Yanjiang Co., Ltd. (300658) surged by the daily limit on January 19, 2026, closing at 17.78 yuan with a gain of +19.97%, a turnover of 1.279 billion yuan, and a turnover rate as high as 34.02%, hitting a new 52-week high. The company’s stock price has risen by 53.94% in the past 30 trading days, showing typical characteristics of a strong stock. The core catalyst for this limit-up is the major asset restructuring plan released after resuming trading—the company plans to acquire a 98.54% stake in Ningbo Yongqiang Technology Co., Ltd. via a combination of share issuance and cash payment. Upon completion of the transaction, the company will make a cross-border foray into the high-end semiconductor materials sector. However, risks such as the target company’s consecutive losses, sky-high valuation of the acquirer, institutional capital flight, and potential insider trading investigation pose significant challenges to the sustainability of the stock price.

II. Analysis of Core Catalysts
2.1 Overview of the Major Asset Restructuring Plan

This transaction constitutes the most important strategic transformation of Yanjiang Co., Ltd. since its listing. The company plans to acquire control of Ningbo Yongqiang Technology Co., Ltd. The core elements of the transaction plan include: a 98.54% acquisition stake, a combined payment method of share issuance plus cash, with the share issuance price for asset acquisition at 8.85 yuan per share, and the supporting financing issuance price at 9.94 yuan per share. The transaction counterparties cover 28 shareholders (including the founder team) [1][2]. This transaction is expected to constitute a major asset restructuring but does not constitute a backdoor listing.

2.2 Strategic Value of the Target Company

Ningbo Yongqiang Technology Co., Ltd. focuses on the R&D, production, and sales of high-end electronic interconnection materials for integrated circuits. Its core products include high-performance copper-clad laminates (CCL), prepregs (PP), and IC packaging substrate materials, with downstream application scenarios covering cutting-edge fields such as AI computing power, high-speed communications, advanced packaging, 5G/6G, and aerospace [2][4]. The company’s direct customers include well-known PCB manufacturers such as Shenghong Technology, Shennan Circuits, Hushu Electronics, Shengyi Electronics, Xingsen Technology, and Yueya Semiconductor, while its end customers cover leading server and optical module enterprises such as Inspur Information, Sugon, H3C, and Zhongji Xuchuang [2][4].

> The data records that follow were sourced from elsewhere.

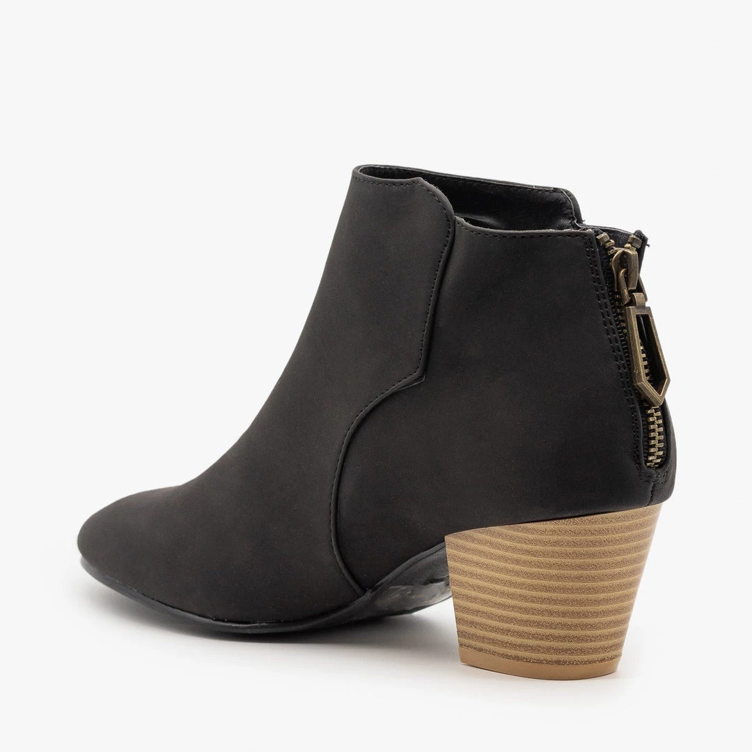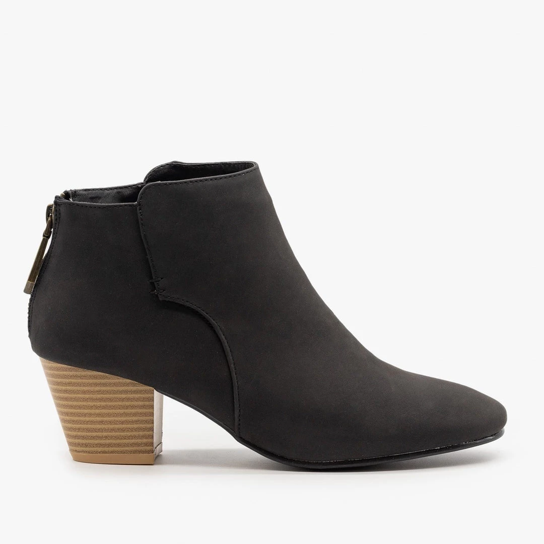 These Qupid Shoes Scout-03 booties are an essential for the fall shoe wardrobe! Crafted with faux nubuck, these booties feature a lovely narrow almond shaped toe and a 2.5″ heel that gives you the perfect amount of height. The body is simple, with the two sections of the shoe sewn together on the sides and accented with subtle oversized stitches. A short back ankle zipper lets you slip these booties on and off with ease. Try wearing them with wide legged, high waisted pants and a cropped sweater for a stylish fall look! Made with all man-made/vegan materials and runs true to size.
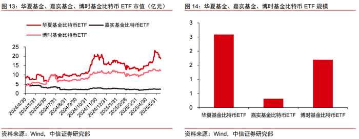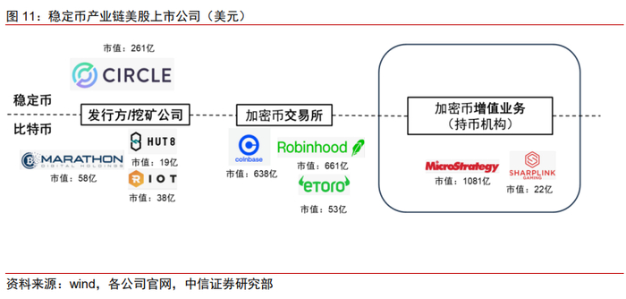 1)稳定币发行商/比特币挖矿公司:如第二大稳定币发行商Circle,发行USDC,为企业和个人提供数字金融解决方案,商业模式包括利息收入和支付与清算的手续费;如Marathon Digial(MARA)购买算力进行BTC、ETH的计算,通过出售挖出的加密货币获取收入。2)数字货币交易所:围绕稳定币、比特币、瑞波币等加密货币交易,赚取交易佣金、两融利息、提供会员等增值服务,服务对象包括散户与机构投资者。如全美第一大加密货币服务商Coinbase(COIN),市值已达785亿美元;如互联网证券经济商Robinhood(HOOD)拓展其数字货币业务,市值已达692亿美元。3)持币类:通过发行可转债等方式,筹措资金,直接购买BTC、ETH等加密货币,如微策略公司(MSTR)市值已达1032亿美元。4)比特币ETF:iShares Bitcoin Trust(IBIT)由贝莱德发行,截至2025年6月,其资产管理规模已达720亿美元。
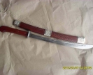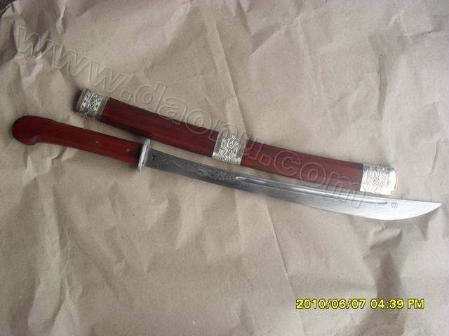 产品介绍: 此刀由户撒名匠全手工打制的精品木木绑刀,刀身采用汽车弹簧钢板手工锻打淬火,刀身精雕龙凤等花纹,精铜红木刀装,可砍断铁丝.、铁钉不伤刃,刀照片因压缩影响清晰度,实物更好!此刀本月促销, 答谢刀友支持,过期不候!(细节图请看网页左边商品相册)
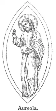 Aureola, awr-ē′o-la, n. in Christian art, the gold colour surrounding the whole figure in sacred pictures, distinct from the nimbus, which only covers the head, usually reserved for representations of the three Divine Persons, of Christ, and the Virgin and Child: (theol.) an increment to the ordinary blessedness of heaven gained by virgins, martyrs, and doctors for their triumph respectively over the flesh, the world, and the devil.—n. Aur′eole, the aureola: the gold disc round the head in early pictures symbolising glory: (fig.) a glorifying halo: a halo of radiating light, as in eclipses.—p.adj. Aur′eoled, encircled with an aureole. [L. aureolus, dim. of aureus, golden.]
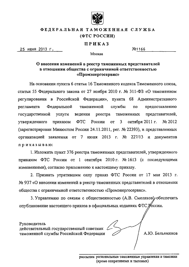 ПРИКАЗ ФТС РФ от 25.06.2013 N 1166
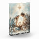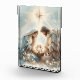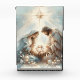 This serene Holy Family nativity design centers on a radiant newborn beneath a brilliant guiding star, surrounded by gentle celestial glow and soft watercolor light that evokes reverence and peaceful Christmas wonder. Mary and Joseph lean close in quiet devotion, their flowing robes painted in calming pastel blues and warm neutrals that create a tender, intimate moment of sacred stillness. Delicate shimmering accents, soft foliage, and luminous orbs frame the scene, blending traditional Christian symbolism with an elegant, modern watercolor style that feels timeless yet fresh for today’s seasonal décor trends. Ideal for anyone drawn to faith-filled imagery, tranquil holiday themes, or softly glowing devotional illustrations that celebrate the beauty of Christ’s birth, this design brings a warm sense of hope and holy night reflection. AI generated artwork.
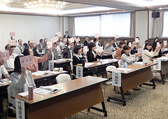 次に岩岡会長理事より、2017年度のまとめや2018年度計画など第1号から第5議案までの提案がされ、議案討議では、4人の代議員から発言がありました。発言を受け、岩岡会長理事が議案討議のまとめを行いました。
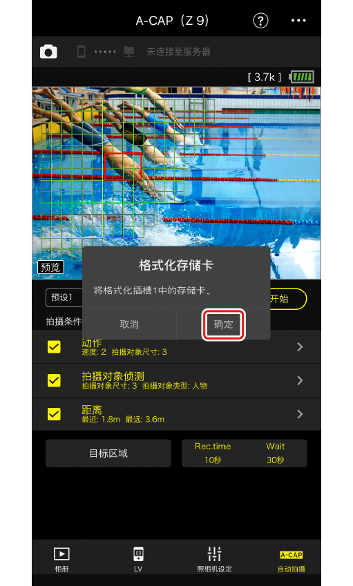 若[开始]按钮被禁用,请检查照相机是否可执行自动拍摄操作。
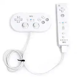 The Classic Controller is an extension for the Wii Remote, released alongside the Wii in November 2006. Its form factor is similar to classic gamepads such as that for the Super Nintendo Entertainment System, with a d-pad, four face buttons, Start and Select buttons alongside the Wii connection button, and two shoulder buttons. Players can use it with older games from the Virtual Console in addition to games designed for the Wii.[104] In 2009, Nintendo released the Wii Classic Controller Pro, which was modelled after the GameCube's form factor and included two analog sticks.[105]
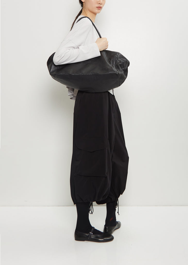 Bea Mombaers black new shoulder bag with tubular top handles and double zip top closure in matte buffalo leather. Features a single interior zippered pocket, an interior slip pocket, and a detachable clasp key ring. Lined in cotton canvas.
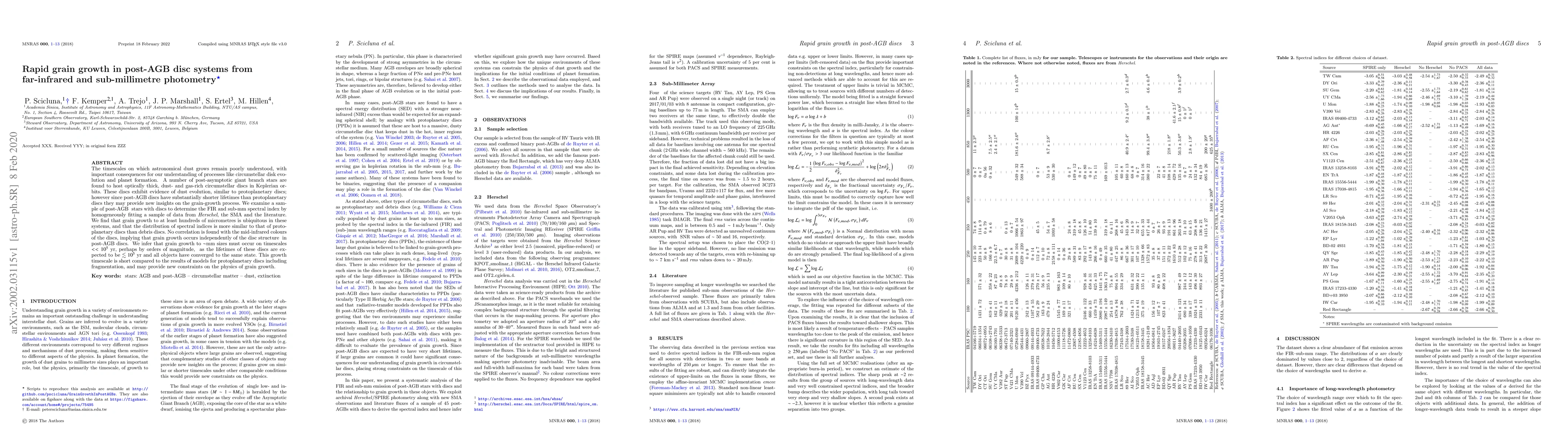 This paper investigates rapid grain growth in post-AGB disc systems using far-infrared and sub-millimetre photometry, finding that grain sizes reach hundreds of micrometres quickly. The study suggests that grain growth to millimeter sizes occurs on timescales much shorter than 10^5 years, providing new insights into the physics of grain growth.

The founder team has a strong background: JIANGQI HE (He Jiangqi) and QIANG YUAN (Yuan Qiang) are both U.S. citizens. He Jiangqi previously worked at Huawei North America Research Institute, and served as a manager and chief engineer of the High-Speed Interconnection Core Technology Department at Intel, with strong technical background and industry resources [4]. This team background provides strong endorsement for the target company’s technical barriers.

2.3 Warning on the Target’s Performance

Despite the promising track prospects of the target company, its financial situation is worrying. According to public data, Yongqiang Technology recorded operating revenue of 70.04 million yuan and a net loss attributable to shareholders of 37.83 million yuan in 2023; in 2024, operating revenue increased to 110 million yuan, but the net loss expanded to 44.41 million yuan; from January to September 2025, operating revenue further rose to 139 million yuan, while the net loss still reached 31.69 million yuan [1][4]. The company’s asset-liability ratio climbed from 51.51% in 2023 to 60.59% in 2025, with increasing financial pressure. This means the target company has recorded consecutive losses over 2 years and 3 quarters, with cumulative losses of approximately 114 million yuan. Upon completion of the acquisition, it will directly drag down the listed company’s performance.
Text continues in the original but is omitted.